Oh, in case any of you are wondering, Ricki Lake is, without question, one of the most beautiful, kind-hearted people I’ve ever had the pleasure of meeting, and I was born and raised in Kansas City, so that’s saying something.

Thank you again for stopping by!

For God’s Sake, Cover Yourself

I posses a very unique skill set.  I can eradicate all evidence of a Burger King meal.  I’m so meticulous I think I missed my calling as a serial killer or “body disposer” for the mob.  You’ll find no trace of Whopper, fry, or ketchup pack in my home or car.  You won’t even find a rogue grain of salt.  I scrub my nails with rubbing alcohol.  I triple-bag each wrapper and dump everything a block from my home. 

I don’t have OCD.  I just don’t want to have to explain to my wife that I broke my diet.  She wouldn’t yell or get angry.  I just like how proud she’s been of me.  I don’t want her to be disappointed.  I like seeing her happy, knowing I’m getting healthy.  So I cover the truth.  

How often we do that?  How many times do we lie so others won’t be disappointed?  We erase our search history so no one will know what we’re jerking off to.  We clam up when someone asks us if we believe in God.  It’s why we wax our eyebrows and suck in our gut.   We just want to be liked. 

But does anyone really know us?  

My mother hid her truth until she was forty-five.  She played the role of dutiful, heterosexual housewife.  She focused on her children.  She didn’t want us to be punished for her secret.  Kansas City wasn’t exactly progressive.  She knew people wouldn’t just judge her; they’d judge us.  She feared folks like my aunt might try to damage her reputation in order to rip us from her care.

I know this fear.  When I was diagnosed with bipolar II, I didn’t want anyone to find out.  I was terrified of being institutionalized. 

I kept quiet about my thoughts of suicide.  I told the doctors I wasn’t a danger to myself.  I didn’t want people to stop trusting me.  I didn’t want to limit my options, so I buried the darkness.  I told people I had the flu, that I had bad diarrhea so they’d stay away.  I needed to keep up the lie.  
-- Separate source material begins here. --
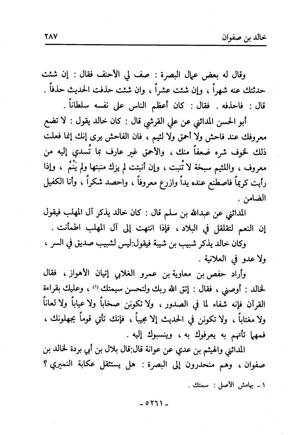 وأراد حَفْص بْن مُعَاوِيَة بْن عمرو الغلابي إتيان الأهواز، فقال لخالد: أوصني، فقال: اتق اللَّه ربك ولتحسن سيمتك [1] ، وعليك بقراءة القرآن فإنه شفاء لما فِي الصدور، ولا تكونن صخابًا ولا عيابًا ولا لعانًا ولا مغتابًا، ولا تكونن فِي الحديث إلا مجيبا، فإنك تأتي قومًا يجهلونك، فمهما تأتهم به يعرفوك به، وينسبوك إليه.

But it’s exhausting.  Maintaining a fake identity chips away at your sanity until finally one day you just say, “Fuck it!  I don’t care.  This is me.  I’m a weirdo.”

That’s what happened to my mom.  After years of lying, she finally came clean.  It was good and terrifying.  She was out, and there was no going back in.

She’s an amazing woman, and her courage inspired me to start this blog.